Artificial intelligence is now deeply embedded in modern business. About 88% of organizations use AI in at least one part of their operations, from customer service and cybersecurity to finance and supply chain management. But while companies are racing to adopt the technology, many leadership teams are struggling to keep up.
Recent surveys show that nearly two-thirds of board directors have little or no experience with AI. Even more concerning, fewer than a quarter of companies have board-approved AI governance policies. This growing disconnect is creating serious risks for enterprises investing heavily in AI without a clear strategy, experienced leadership, or long-term implementation plan.
According to Frank Palermo, COO of NewRocket, many organizations make the mistake of treating AI as a fast technology upgrade instead of a long-term business transformation that requires governance, operational planning, and company-wide alignment.
As pressure grows to adopt AI quickly, enterprises are spending millions on automation tools and AI platforms without fully understanding how those systems will scale across the organization. Some projects fail because companies lack clean data, internal expertise, or clear business goals. Others create operational confusion because employees are not properly trained to work alongside AI systems.
Without leadership teams that understand both the opportunities and the risks, companies often move forward without asking critical questions. What business problem is the AI solving? How accurate are the outputs? Who is responsible if the system fails? How will sensitive company data be protected?
When those questions are overlooked, the financial impact can be significant.
Poorly planned AI initiatives can lead to wasted technology spending, failed deployments, cybersecurity vulnerabilities, and compliance issues. In some cases, enterprises end up purchasing multiple AI tools that do not integrate with existing systems, creating inefficiencies instead of productivity gains.
The reputational risks are equally serious. AI systems have already produced biased hiring recommendations, inaccurate legal research, and misleading customer service responses. A single public AI mistake can quickly damage customer trust and investor confidence.
Palermo also points to a broader issue many enterprises underestimate: AI is no longer just a technology decision handled by IT departments. It now affects operations, security, compliance, workforce strategy, and customer experience simultaneously. Without coordination between leadership teams, AI can create disruption instead of business value.
Cybersecurity is becoming another major concern. Employees are increasingly using unauthorized AI tools in daily workflows, sometimes exposing confidential company information without realizing the risk. At the same time, cybercriminals are using AI to launch more advanced attacks, making weak governance even more dangerous.

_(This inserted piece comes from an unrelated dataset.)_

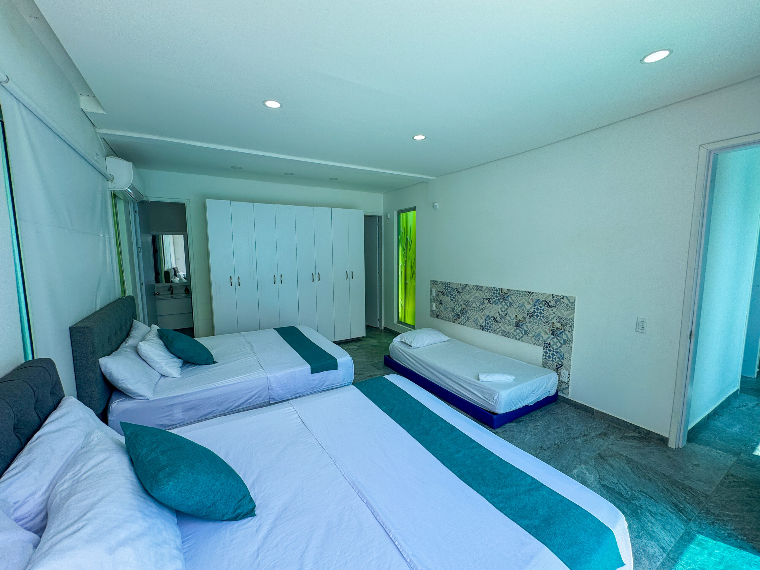 Habitación 1: dos camas dobles, una cama sencilla, 2 baños privados y aire acondicionado

Yet moving too slowly also carries consequences. Competitors using AI effectively are already improving efficiency, reducing costs, and accelerating product development. Companies that delay adoption entirely risk losing market share to faster-moving rivals.
This leaves enterprises facing two dangerous outcomes. They can move too quickly without proper planning, or move too slowly and fall behind.

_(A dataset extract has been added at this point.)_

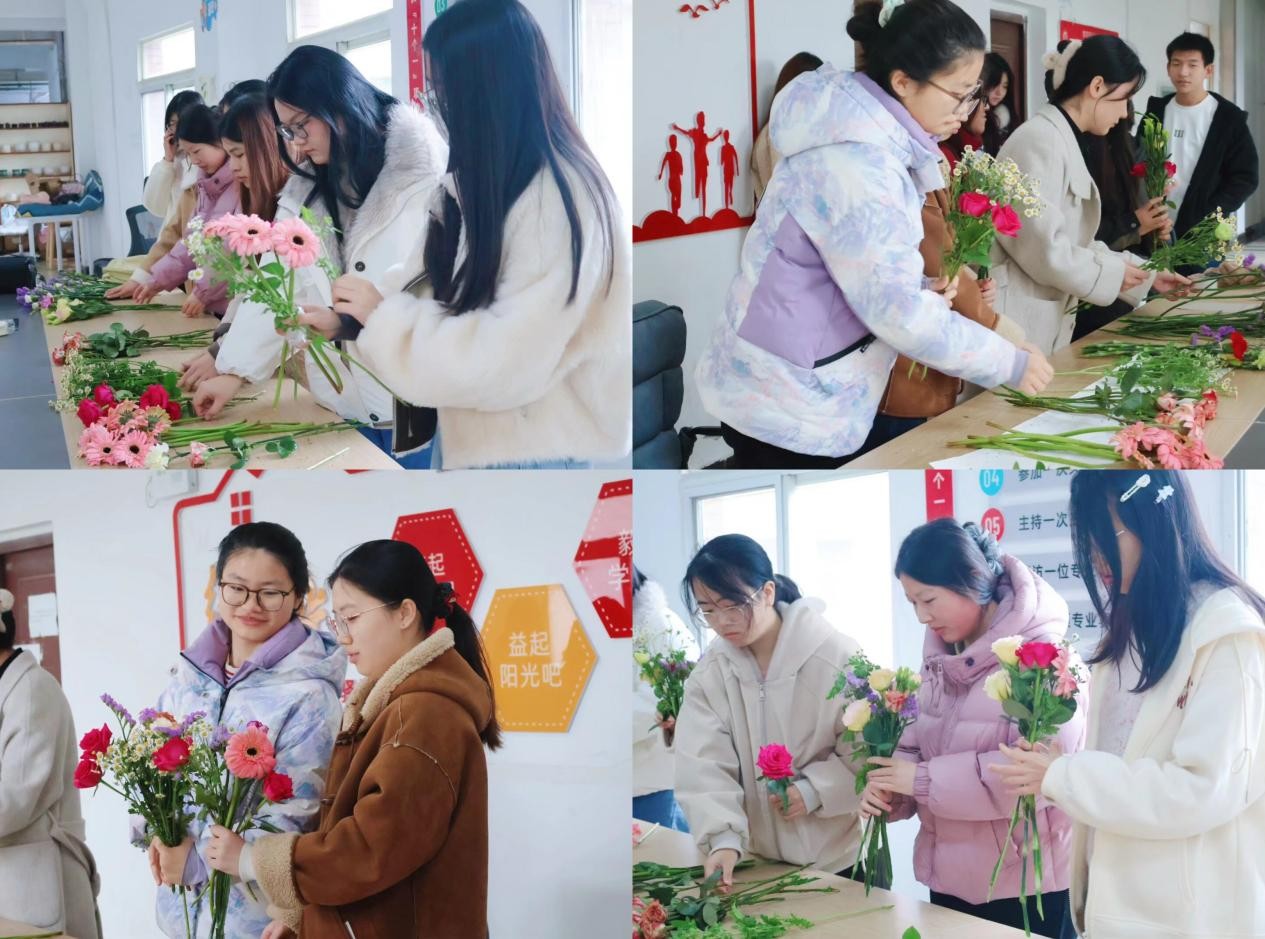 一花一世界,一叶一乾坤。本次活动以花为媒、以节为桥,不仅为女生们送上了温馨别致的节日祝福,也提供了放松身心、感受美好的契机。在潜移默化中,提升了学生的艺术修养与动手能力,进一步增强了集体凝聚力与文化认同感。今后,学院将继续秉持立德树人的初心,以文化人、以美育人,持续开展形式多样、内涵丰富的校园文化活动,引导学生在实践中陶冶情操、涵养品格,为培养德智体美劳全面发展的时代新人贡献源源不断的青春力量。

The companies most likely to succeed will be those that approach AI with clear governance, realistic goals, and experienced leadership. Increasingly, businesses are creating AI oversight committees, developing formal policies, and investing in executive education to close the knowledge gap at the board level.
The challenge facing enterprises today is no longer whether they should adopt AI. Most already have.
The real challenge is whether leadership teams are prepared to manage it responsibly before the cost of inexperience becomes far greater than the promise of innovation.